Environmetanl Justice is In Our HandsGoing forward, I believe environmental justice will center on the adverse economic consequences that environmental policies create for the poor and for minorities. While these policies are undoubtedly necessary for a number of reasons, including confronting global climate change and limiting respiratory ailments, many of these policies are likely to hit poor communities hard economically.

Indeed, one of the journalists at the event described just such an instance. In this case, he was researching the implications that the new environmental rules instituted by the Long Beach ports, which ban entry to older trucks, had on Latino truckers. For these independent and, sometimes cash-strapped, truckers, the rules present a significant economic challenge–either spend the capital required to upgrade to newer trucks or lose business at the port. The financial burden these rules pose on Latino truckers’ livelihood is another “toll” on an already vulnerable segment of the population.

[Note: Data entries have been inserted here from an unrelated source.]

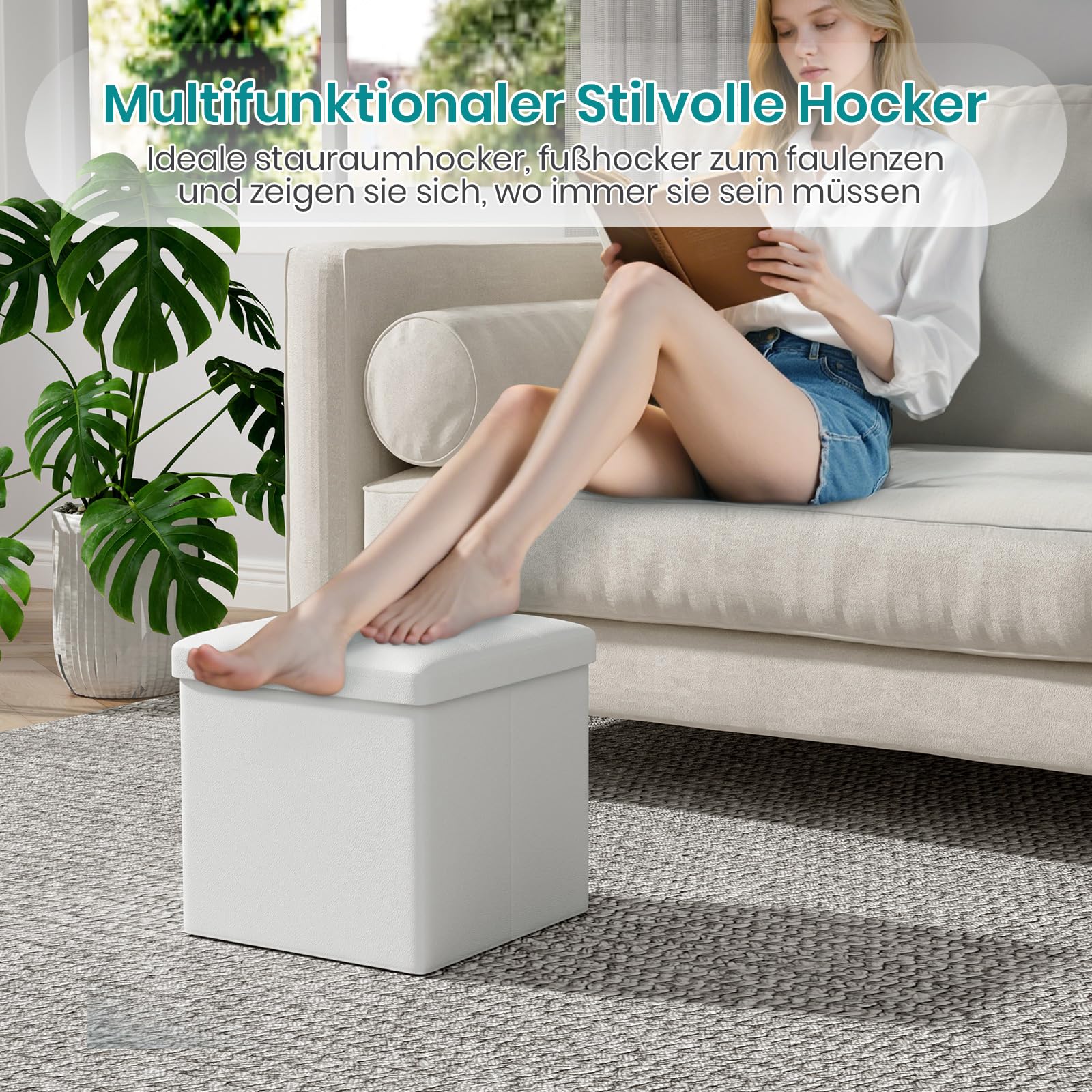 Dieser Sitzhocker von Oak & Tea ist echt clever! 30x30x30cm groß, in schwarz, mit verstecktem Stauraum drinnen. Perfekt als Fußhocker, Sitzbank oder Aufbewahrungsbox. Deckel mit weichem Schaumstoff - super bequem zum Sitzen. Bis 120kg belastbar, also wirklich stabil. Einfach zusammenzuklappen und platzsparend zu verstauen. Ideal für Wohnzimmer, Schlafzimmer oder Flur. Verstau darin Decken, Spielzeug, Bücher oder was auch immer. Ein Möbelstück mit echtem Mehrwert - stylisch und praktisch zugleich!
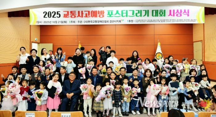 뉴스펀치 김길룡 기자 | 사)한국교통장애인협회 경산시지회(회장 송화자)는 21일 삼성현역사문화관에서 조현일 경산시장, 입상자와 가족 등 150여 명이 함께한 가운데 '2025년 교통사고 예방 포스터 그리기 대회 시상식'을 개최했다.
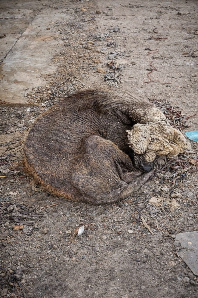 Years of surviving this way left deep marks on Benji’s body. His skin suffered the most. Constant exposure to filth and harsh conditions caused severe irritation and inflammation. Large patches of fur disappeared, revealing raw, sensitive skin that never truly had a chance to heal. The discomfort followed him everywhere, even when he tried to rest.
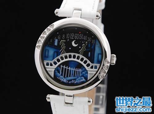 恋人之间如果选择最浪漫的物品,那么情侣手表绝对是不二之选,梵克雅宝公司看中了这个商机,推出了一款本世人称呼为“世界上最浪漫的手表”,梵克雅宝恋人之桥,它最大的设计亮点就是“一天一吻”,当每天23.55的时候,表盘上的男女相拥在一起深吻5分钟。
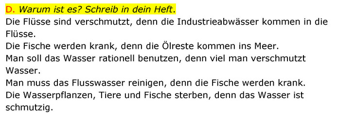 D. Warum ist es? Schreib in dein Heft. Die Flüsse sind verschmutzt, denn die Industrieabwässer kommen in die Flüsse. Die Fische werden krank, denn die Ölreste kommen ins Meer. Man soll das Wasser rationell benutzen, denn viel man verschmutzt Wasser. Man muss das Flusswasser reinigen, denn die Fische werden krank. Die Wasserpflanzen, Tiere und Fische sterben, denn das Wasser ist schmutzig.

I believe changes in environmental regulations should be arrived at without any additional expense and hardship to underserved communities. By staying focused on the triple bottom line, organizations, agencies and individuals can work together to ensure that sustainability and economic development are integrated and create benefits for all. It may take more than a “beer summit” to close the potential divide, but engaging in dialogue is an important first-step towards ensuring long-term environmental and economic justice.